Akhtar does not spare himself. A significant section of the book traces his compromising relationship with a Muslim hedge fund manager who lures Ayad into high society and gives him a lesson in predatory capitalism. Still, being Muslim means he’s always the ‘other’. The defining dilemma of his life, Ayad says, is that he’s “no longer a practicing — let alone believing — Muslim and yet still entirely shaped by the Islam that had socially defined [him] since 9/11.”
In one of the book’s many memorable set pieces, Ayad’s car breaks down while driving through Pennsylvania. His encounter with a state trooper and later a repair shop demonstrates what it means to be a potential terror suspect; to always be on one’s friendliest behavior; to shift, whenever possible, one’s lineage to India. “If all this sounds somewhat paranoid,” Ayad writes, “I am happy for you. Clearly you have not been beset by daily worries of being perceived — and therefore treated — as a foe of the republic rather than a member of it.” It’s a conflicted position. To mainstream white culture, he’s a Muslim willing to say what needs to be said; to some Muslims, he’s a self-loathing sellout who cashes in on ethnic stereotypes.
It’s a long, complex and fascinating book. I urge you to give it a shot. It will open your eyes to many things that perhaps you don’t think about often…or ever.
Set in 1980’s Ireland, this is another book about a kind of outsider – an outsider not because of his color or religion but because of his parentage.
Born to an unwed teen employed as a live-in maid by Mrs.

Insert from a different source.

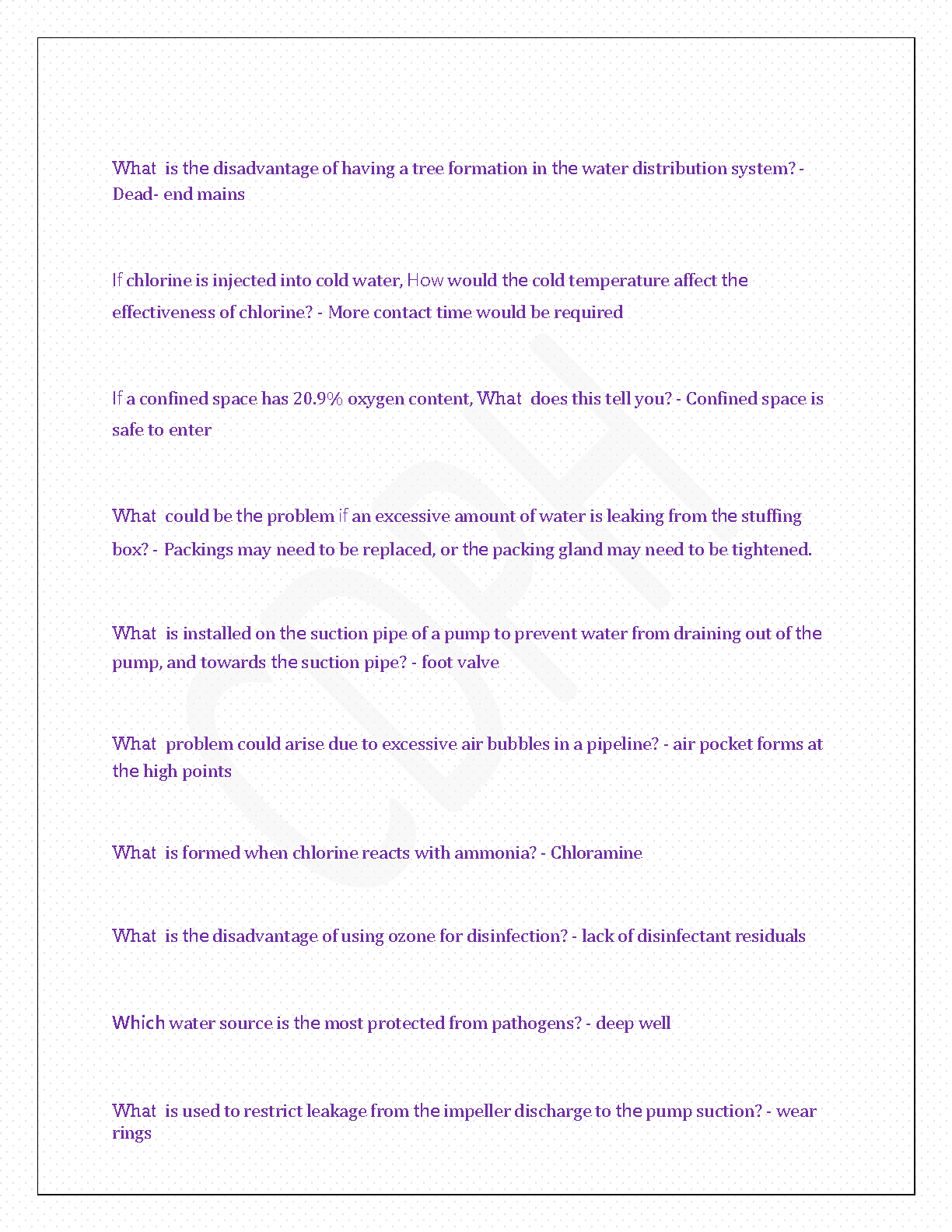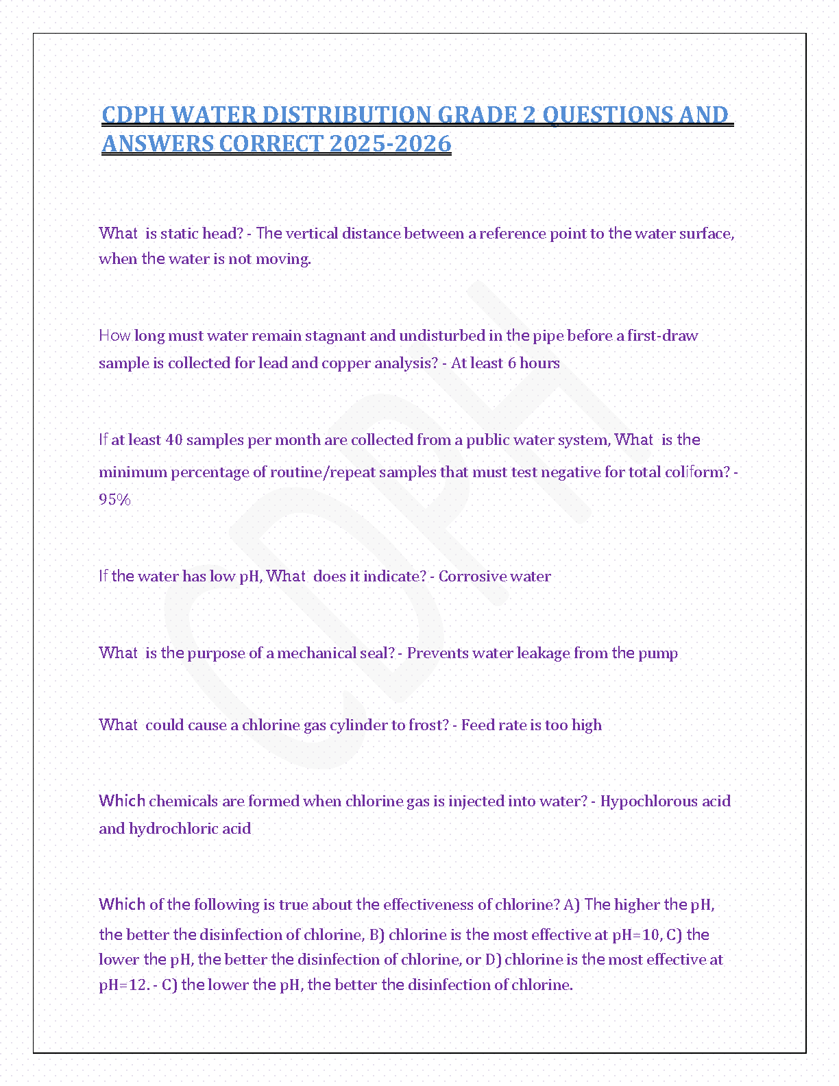Ace your California Department of Public Health (CDPH) Water Distribution Grade 2 certification exam with ease! This comprehensive test bank for the 2025-2026 testing cycle is packed with the latest questions and 100% verified correct answers. Master key topics including static head, water sampling for lead and copper, coliform analysis, pH levels and corrosivity, mechanical pump seals, and chlorine disinfection. Designed to provide you with the exact knowledge needed to pass on your first attempt, this study guide is your ultimate resource for success. Get immediate access and start preparing to become a certified Grade 2 Water Distribution Operator today!

Wilson — a kindly Protestant widow — Bill Furlong grew up in the elderly woman’s large, comfortable home, nurtured by his mentor’s generosity and her progressive ideas but clear-eyed about his illegitimate status as perceived by the town’s inhabitants.
Over time, like a Dickensian hero, Bill gains social acceptance as a hardworking coal merchant, marries Eileen — a woman from a middle class family — and becomes doting father to five smart, lovely daughters.
But the respectability that Bill has worked so hard to maintain, namely “to keep his head down and stay on the right side of people,” and to ensure his daughters’ success at St. Margaret’s — the only good Catholic school for girls in New Ross — often puts him in an existential funk. The nuns who run St. Margaret’s also run the Magdalene laundry in town, one of the infamous operations that enslaved and abuses so many Irish women who were perceived as ‘fallen women’, women who had a child out of wedlock, or behaved ‘inappropriately’ or did anything to violate the rigid rules imposed by the church and the Irish patriarchy.
Bill seeks transformation and eventually find the courage to challenge some of the status quo. His antagonist — the Good Shepherd Convent —represents not the spiritual realm but the world. While this institution claims to uphold love, faith, and charity, its capitalist operation of the town’s laundry business, in collusion with the Irish government to exploit and abuse downtrodden women, shows a ghastly betrayal of Christian ideals.
Visiting the convent to deliver coal, he happens upon one of the girls who are imprisoned there and, horrified by how she and others are treated by the nuns, finally finds the courage to do something.
It’s uncertain how Bill’s act of courage will impact his daughters — whose well-being has inspired his wish for radical change in the first place — over time. The gaps between Bill’s fictional 1985 act of resistance, the closing of the Magdalen laundries in 1996, and the Irish government’s belated apology to the victims in 2013, show that justice, sadly, takes decades to arrive.
This is a short book and an easy read. Give it a try.